(DATA EXCERPT)
=====

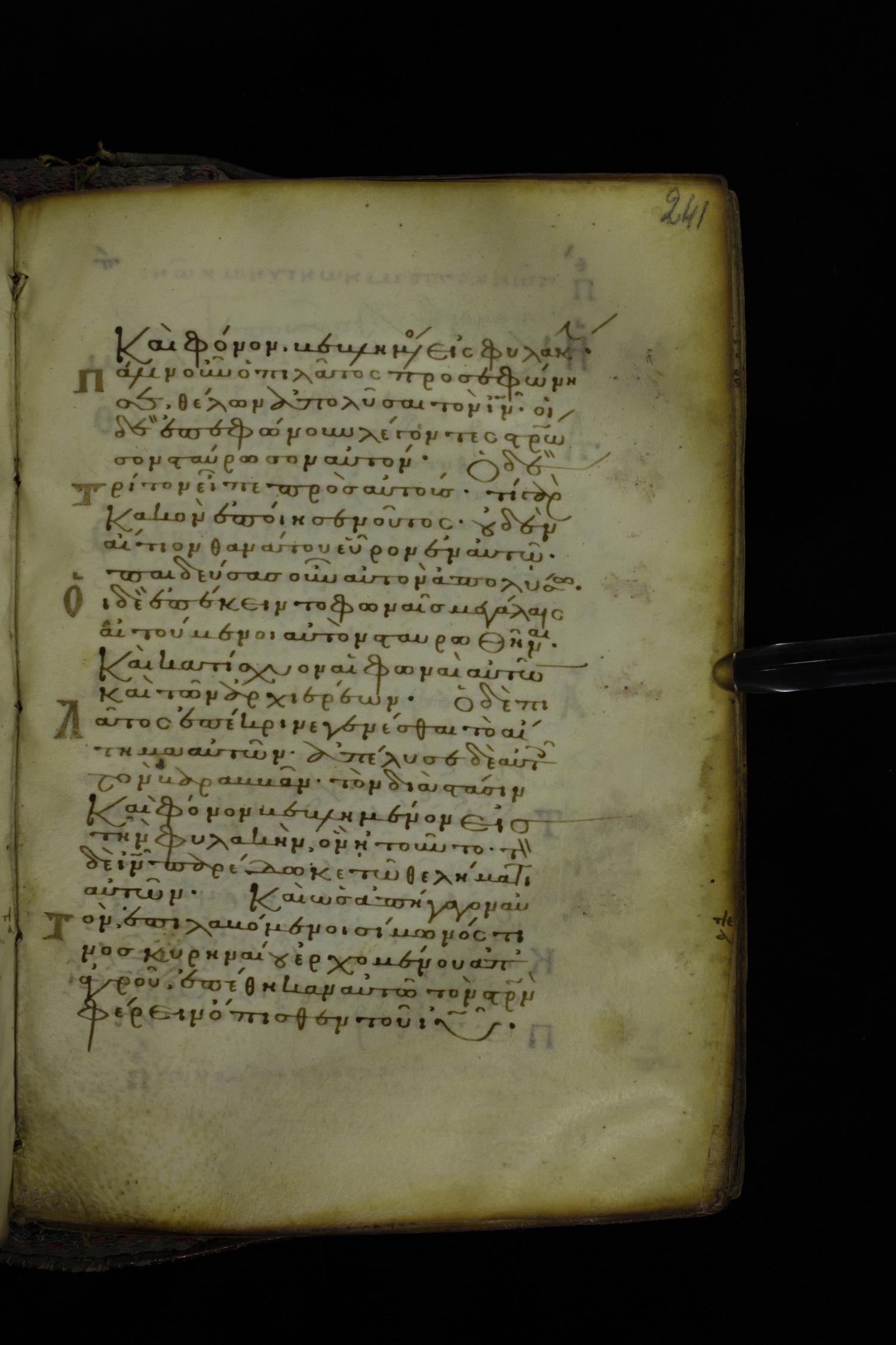 Twelfth century minuscule of the Gospel on parchment; 305 leaves, 1 column, 24 lines per column. Images were taken at the National Library of Greece in Athens.
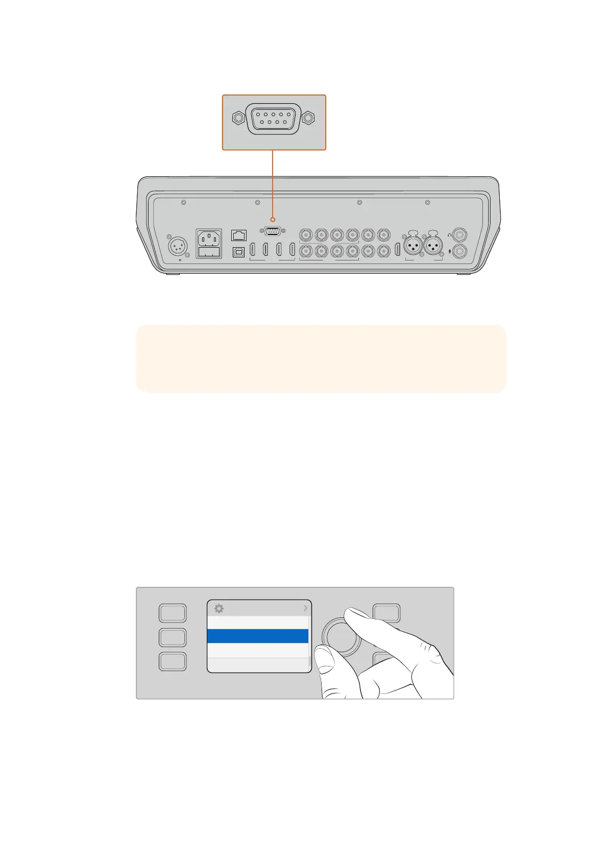 5 Press the set button to select the setting, use the rotary knob to select “VISCA”
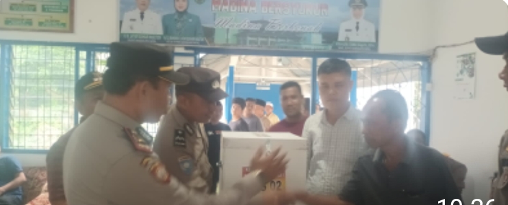 Penyerahan logistik Pilkades diwilayah Kecamatan Siabu dihadiri olah Pihak kecamatan Siabu, Kapolsek Siabu, Danramil Siabu.
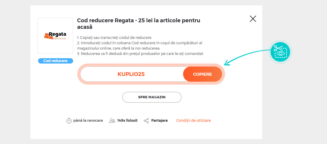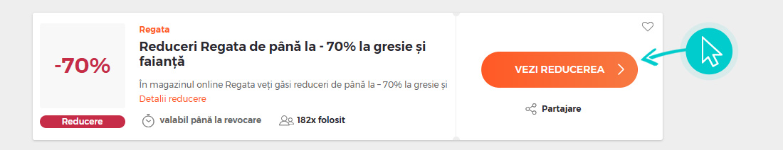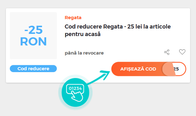 Selectați cod reducere concret de pe pagina noastră, pe care doriți să-l aplicați în magazinul online Regata.ro. Faceți click pe butonul portocaliu „Afișează codul”.

=====

(TASK DETAILS)
Copy the preceding data in full and word for word, dropping its pictures.

(TASK OUTPUT)
 Twelfth century minuscule of the Gospel on parchment; 305 leaves, 1 column, 24 lines per column. Images were taken at the National Library of Greece in Athens.
 5 Press the set button to select the setting, use the rotary knob to select “VISCA”
 Penyerahan logistik Pilkades diwilayah Kecamatan Siabu dihadiri olah Pihak kecamatan Siabu, Kapolsek Siabu, Danramil Siabu.
 Selectați cod reducere concret de pe pagina noastră, pe care doriți să-l aplicați în magazinul online Regata.ro. Faceți click pe butonul portocaliu „Afișează codul”.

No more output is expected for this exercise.